Part of the project was also to install cameras and LiDARs on the infrastructure along the road so that the autonomous vehicle has much more information to make things safer, more efficient, and also energy wise, more efficient. An autonomous vehicle can drive in a much more optimal energy saving acceleration pattern then any human can.
What is the current stage of the technology?
At the moment, the project is very much a proof of concept. None of these efficiency gains are really there. Instead of one driver we need two drivers to run it. We need a person in the teleoperations station, but we also have a safety driver in the vehicle at all times as well.
In terms of the sensors and the cost of installing them into vehicle itself, it’s much more expensive than the regular diesel powered trucks that fleets have running around now. It’s still an early stage but for now we have shown that the technology is possible; we now need to resolve all the major issues that we still need to solve.
What are the next steps for the project?
We will start looking at getting more trucks on a route which is normally driven by three or maybe four trucks, so that the whole route can be automated rather than just one part of it.
We are also looking outside of the fixed facility to prove the technology in more complex scenarios as well. Maybe there’s other infrastructure and traffic lights that we have to pay attention to, or roundabouts and the rest of the road network structures. We will try different kinds of trailers to really expand on this to make sure its viable.

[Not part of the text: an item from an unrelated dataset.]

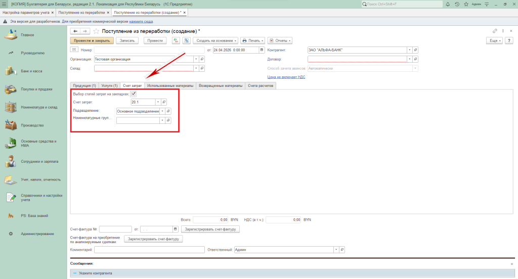 На вкладке «Счета расчетов» задаётся счёт затрат, на котором аккумулируются расходы на выпуск продукции переработчиком — это может быть счёт 20.1 «Основное производство» или 23 «Вспомогательные производства». Здесь же следует указать подразделение и номенклатурную группу.

The next big step is to get the driver completely out of the vehicle and achieve a level four autonomous system solution.
When talking to people about this project what we often see is that there’s this big divide between people who think full autonomy is just around the corner, that there are going to be self-driving cars on the streets everywhere and soon. Then there’s people on the other side, and they say well I don’t see this ever happening, I don’t want a self-driving car and I always want to drive myself.
I think with this project we’re working on it really shows there’s a middle way and transition as well, that there are key areas where autonomy works and is beneficial and is needed. That said, we have to be careful of all the big hypes happening out there.